На этот раз пронесло. Но как трудно пройти мимо предателя и пальцем не тронуть его…
Идем по улице. Из калиток выходят суземцы и молча смотрят на нас.
Вот группа женщин. Одна из них, узнав, видно, «арестованных», шевелит губами, и я скорее понимаю, чем слышу ее слова: «Сыночки, родимые».
Дряхлый седобородый старик. Опершись на длинную суковатую палку, он стоит у ворот, из-под насупленных бровей в упор смотрит на нас, и я физически чувствую ненависть в его взгляде.

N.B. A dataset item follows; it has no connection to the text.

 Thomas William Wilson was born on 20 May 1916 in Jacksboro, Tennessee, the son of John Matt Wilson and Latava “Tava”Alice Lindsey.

Неожиданно из-за угла выбегают двое мальчишек и, увидев нас, удивленно замирают на месте. Мы с Богатырем проходим мимо них, и я слышу горячий мальчишеский шепот:
— Белина стрелять ведут, гады.
— Молчи, Санька. Сейчас что-то будет…
Каким чутьем, каким шестым чувством мог разгадать нас этот малыш?
Уже видна комендатура — длинное мрачноватое здание. Чуть поодаль к забору привязаны лошади, запряженные в розвальни и нарядные высокие сани. Во дворе шумит автомобильный мотор.

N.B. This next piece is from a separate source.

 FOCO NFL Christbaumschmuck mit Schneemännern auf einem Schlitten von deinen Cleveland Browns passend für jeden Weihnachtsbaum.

Сквозь задернутые морозным узором оконные стекла видны прильнувшие к ним лица. На крыльцо выскакивают военные — они без шапок, в одних кителях.
— Поймали! Белин!.. И Попов тут же! — несутся возбужденные голоса. — Сейчас поговорим с вами!
Наша колонна уже вытянулась против окон комендатуры. Иванченко разворачивает Машку, сбрасывает сено с пулемета…
— Огонь!
Гранаты летят в окна. Жалобно звенит стекло. На высоких нотах заливаются автоматы. Полоснул по окнам станковый пулемет. Мимо проносится серая в яблоках лошадь, волоча по снегу опрокинутые сани. На крыльце лежат трупы убитых полицейских. Кочетков с группой бойцов бежит во двор — окружает здание.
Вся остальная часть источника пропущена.